I figured, how hard could it be? (Famous last words, to be sure.) All I had to do was sew a rectangle and tie some knots. But it was trickier than that, because it’s such a big piece of fabric to work with at once, and it didn’t fully fit on even the largest work surface we have. Not to mention a problem with cutting the fitted sheet, whose corners I was trying to trim out of the way in a bout of late-night sewing, and managed (how, I still cannot say) to cut right up the middle of the sheet I was trying to cut edges off of. And when I went back to Big Lots to replace it, they no longer had those sheets, so I picked another one, and went from, “I can’t believe I just cut up the middle of that sheet like a moron!” to “It’s reversible! Go me!”

But eventually I got it together, and had only to tie little knots of yarn to hold it all together instead of having the quilt inside floating around or balling up inside the new cover. I was in no way prepared for the putziness of that particular process. It took forever. Though, as often happens when I’m engaged in tedious tasks around the house, like cooking from scratch and having to chop a million things, or tying yarn knots in a rehabbed quilt, I considered that I was just one in a long line of women all over the world who had done this work.  And that thought always pleases me…that no matter how much tech we have surrounding us, and how different the world is, some things continue the same as they have for a thousand years or more. I feel like I’m a part of something bigger and older than myself.

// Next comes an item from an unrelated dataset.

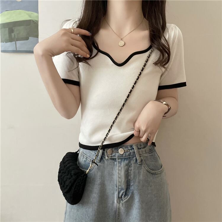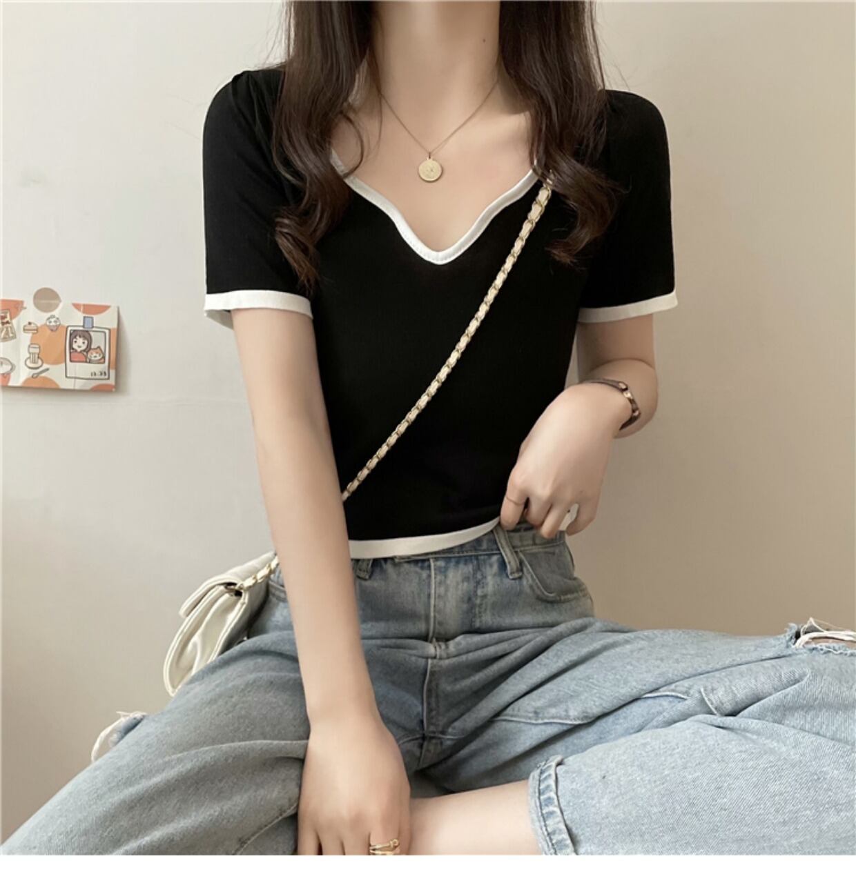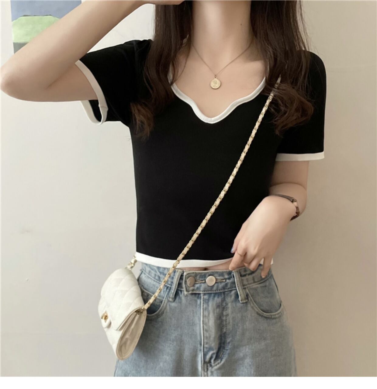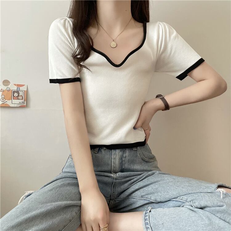 アイスシルク半袖フロントショルダーTシャツレディースサマーフレンチ鎖骨スクエアカラーウエスタンスタイルユニークパフスリーブショートトップ 夏物 スクウェア 7460074560117172 | framboise21

And frugal as hell, because none of those women would’ve thrown out a quilt that was still 90% good.

And that was truer than I knew, because when I showed my mom my project-in-progress, she told me how her mother had done it this way, and when she was little she would climb inside the new quilt cover and smooth the filler quilt into the edges and corners. I never imagined my grandmother sewing at all; she didn’t when we were kids, but evidently at some point she had, on the Singer treadle machine my mom still has in her house, and that one day will probably end up in mine.  She’s been gone 32 years next month, my Grandma Mae, but in this quest to preserve a 23-year-old wedding gift, the thread between her and me, through my mom whose example showed me how to do this, brightens enough to be seen again.